Preprocessing: pp

Preprocessing: `pp`#

Filtering of highly-variable genes, batch-effect correction, per-cell normalization, preprocessing recipes.

Any transformation of the data matrix that is not a tool. Other than tools, preprocessing steps usually don’t return an easily interpretable annotation, but perform a basic transformation on the data matrix.

Basic Preprocessing#

For visual quality control, see highest_expr_genes() and filter_genes_dispersion() in scanpy.pl.

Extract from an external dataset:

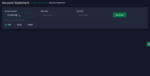 The Account Statement feature enables you to generate a customer's account statement. This guide will walk you through developing an account statement within the Udara360 core banking system.

`pp.calculate_qc_metrics`	Calculate quality control metrics.
`pp.filter_cells`	Filter cell outliers based on counts and numbers of genes expressed.
`pp.filter_genes`	Filter genes based on number of cells or counts.
`pp.highly_variable_genes`	Annotate highly variable genes [Satija et al., 2015, Stuart et al., 2019, Zheng et al., 2017].
`pp.log1p`	Logarithmize the data matrix.
`pp.pca`	Principal component analysis [Pedregosa et al., 2011].
`pp.normalize_total`	Normalize counts per cell.
`pp.regress_out`	Regress out (mostly) unwanted sources of variation.
`pp.scale`	Scale data to unit variance and zero mean.
`pp.sample`	Sample observations or variables with or without replacement.
`pp.downsample_counts`	Downsample counts from count matrix.

Recipes#

`pp.recipe_zheng17`	Normalize and filter as of Zheng et al. [2017].
`pp.recipe_weinreb17`	Normalize and filter as of [Weinreb et al., 2017].
`pp.recipe_seurat`	Normalize and filter as of Seurat [Satija et al., 2015].

Batch effect correction#

Also see Data integration. Note that a simple batch correction method is available via pp.regress_out(). Checkout scanpy.external for more.

pp.combat

ComBat function for batch effect correction [Johnson et al., 2006, Leek et al., 2017, Pedersen, 2012].

Doublet detection#

`pp.scrublet`	Predict doublets using Scrublet [Wolock et al., 2019].
`pp.scrublet_simulate_doublets`	Simulate doublets by adding the counts of random observed transcriptome pairs.

Neighbors#

pp.neighbors

Compute the nearest neighbors distance matrix and a neighborhood graph of observations [McInnes et al., 2018].